— What the task requires —
Please copy the lines below, exactly as they are, from the one with "ETH bottomed at" through the one with "a. Using a scraper, remove", and leave out the pictures.

═══ Dataset records ═══

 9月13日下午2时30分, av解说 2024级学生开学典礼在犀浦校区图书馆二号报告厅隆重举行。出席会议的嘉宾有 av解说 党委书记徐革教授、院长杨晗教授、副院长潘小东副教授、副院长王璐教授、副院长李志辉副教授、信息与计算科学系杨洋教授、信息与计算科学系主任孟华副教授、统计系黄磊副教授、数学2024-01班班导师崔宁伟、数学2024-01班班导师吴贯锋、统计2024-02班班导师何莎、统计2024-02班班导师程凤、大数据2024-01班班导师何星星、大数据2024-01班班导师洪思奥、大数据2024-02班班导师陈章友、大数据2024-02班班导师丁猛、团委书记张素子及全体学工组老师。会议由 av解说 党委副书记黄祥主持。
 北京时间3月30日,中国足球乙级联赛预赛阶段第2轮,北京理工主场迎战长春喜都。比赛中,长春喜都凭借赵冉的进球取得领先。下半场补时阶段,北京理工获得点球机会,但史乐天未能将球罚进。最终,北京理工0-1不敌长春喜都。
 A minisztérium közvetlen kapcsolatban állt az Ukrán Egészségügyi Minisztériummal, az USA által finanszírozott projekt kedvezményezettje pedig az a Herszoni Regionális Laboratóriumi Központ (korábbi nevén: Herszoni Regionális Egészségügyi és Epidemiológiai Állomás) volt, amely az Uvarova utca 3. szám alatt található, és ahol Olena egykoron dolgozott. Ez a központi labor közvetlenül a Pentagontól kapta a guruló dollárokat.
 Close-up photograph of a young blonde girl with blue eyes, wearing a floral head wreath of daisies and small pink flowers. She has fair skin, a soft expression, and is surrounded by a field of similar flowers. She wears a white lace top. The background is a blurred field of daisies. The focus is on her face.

═══
═══ Dataset records ═══

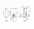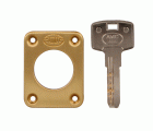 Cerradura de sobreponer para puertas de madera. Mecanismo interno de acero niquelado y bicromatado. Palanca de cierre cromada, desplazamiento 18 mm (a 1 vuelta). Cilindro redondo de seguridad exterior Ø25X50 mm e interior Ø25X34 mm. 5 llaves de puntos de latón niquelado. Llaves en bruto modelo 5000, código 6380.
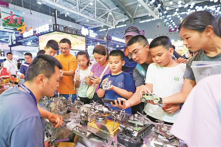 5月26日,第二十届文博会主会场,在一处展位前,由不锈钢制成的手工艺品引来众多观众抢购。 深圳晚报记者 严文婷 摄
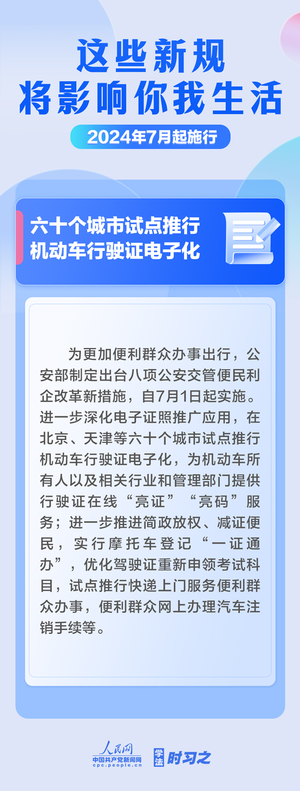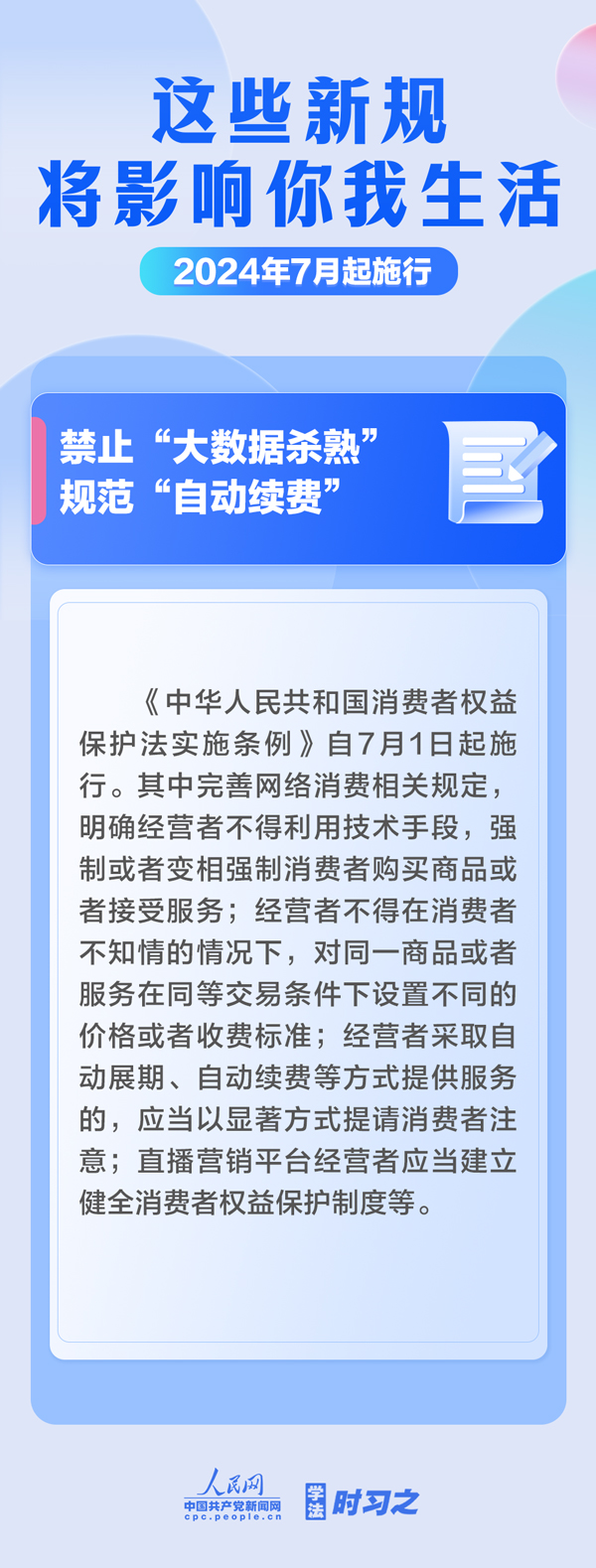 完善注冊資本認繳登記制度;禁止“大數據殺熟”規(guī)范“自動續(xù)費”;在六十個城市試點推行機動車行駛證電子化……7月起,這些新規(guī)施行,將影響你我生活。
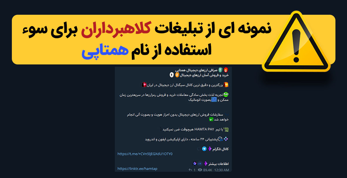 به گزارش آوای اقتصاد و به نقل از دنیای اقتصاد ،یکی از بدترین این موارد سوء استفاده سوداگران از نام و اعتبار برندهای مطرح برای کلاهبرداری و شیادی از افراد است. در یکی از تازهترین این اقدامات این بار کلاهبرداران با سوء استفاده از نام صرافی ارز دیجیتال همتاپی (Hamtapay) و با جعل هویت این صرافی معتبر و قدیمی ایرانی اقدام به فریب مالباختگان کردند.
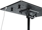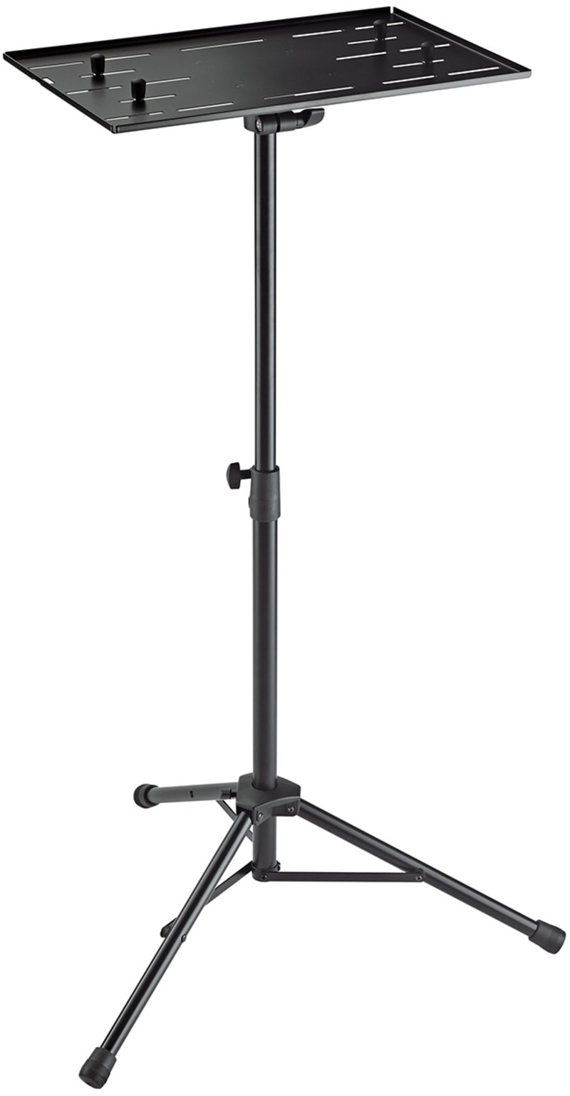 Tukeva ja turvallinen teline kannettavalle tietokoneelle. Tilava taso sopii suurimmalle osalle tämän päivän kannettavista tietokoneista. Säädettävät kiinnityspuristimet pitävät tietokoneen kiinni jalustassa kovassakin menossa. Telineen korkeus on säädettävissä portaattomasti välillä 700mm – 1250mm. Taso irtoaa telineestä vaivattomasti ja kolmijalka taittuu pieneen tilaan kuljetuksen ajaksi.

═══
═══ Dataset records ═══

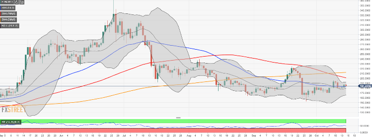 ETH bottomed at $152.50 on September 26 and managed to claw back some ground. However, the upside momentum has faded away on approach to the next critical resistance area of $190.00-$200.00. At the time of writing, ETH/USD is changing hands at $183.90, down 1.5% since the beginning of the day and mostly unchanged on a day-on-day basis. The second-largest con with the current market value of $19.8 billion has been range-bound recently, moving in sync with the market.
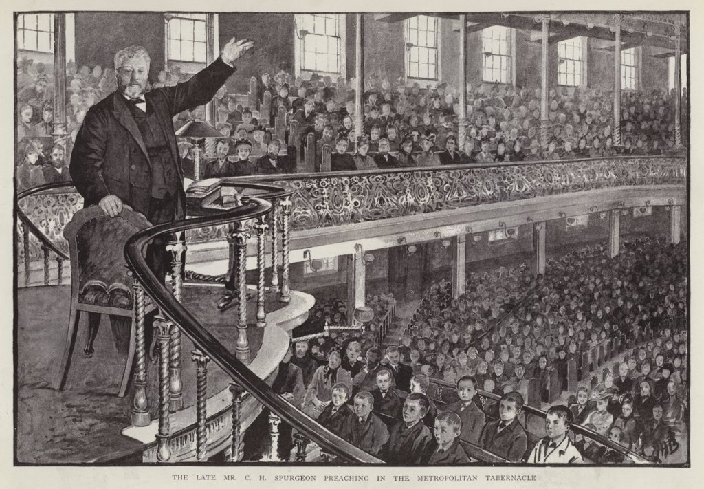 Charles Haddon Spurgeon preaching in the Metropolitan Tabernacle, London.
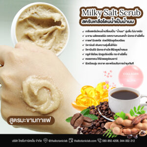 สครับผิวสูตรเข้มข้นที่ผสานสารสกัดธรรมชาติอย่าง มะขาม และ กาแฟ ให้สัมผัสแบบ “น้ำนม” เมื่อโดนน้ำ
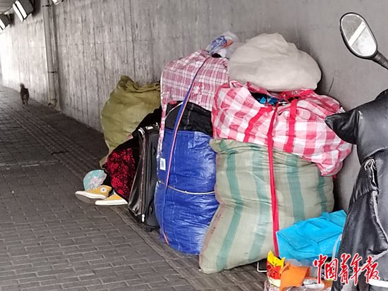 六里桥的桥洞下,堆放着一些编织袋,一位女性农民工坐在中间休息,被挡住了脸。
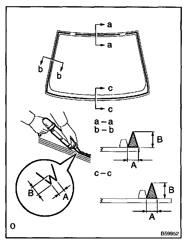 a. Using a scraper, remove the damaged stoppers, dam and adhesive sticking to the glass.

═══

— Task answer —
 ETH bottomed at $152.50 on September 26 and managed to claw back some ground. However, the upside momentum has faded away on approach to the next critical resistance area of $190.00-$200.00. At the time of writing, ETH/USD is changing hands at $183.90, down 1.5% since the beginning of the day and mostly unchanged on a day-on-day basis. The second-largest con with the current market value of $19.8 billion has been range-bound recently, moving in sync with the market.
 Charles Haddon Spurgeon preaching in the Metropolitan Tabernacle, London.
 สครับผิวสูตรเข้มข้นที่ผสานสารสกัดธรรมชาติอย่าง มะขาม และ กาแฟ ให้สัมผัสแบบ “น้ำนม” เมื่อโดนน้ำ
 六里桥的桥洞下,堆放着一些编织袋,一位女性农民工坐在中间休息,被挡住了脸。
 a. Using a scraper, remove the damaged stoppers, dam and adhesive sticking to the glass.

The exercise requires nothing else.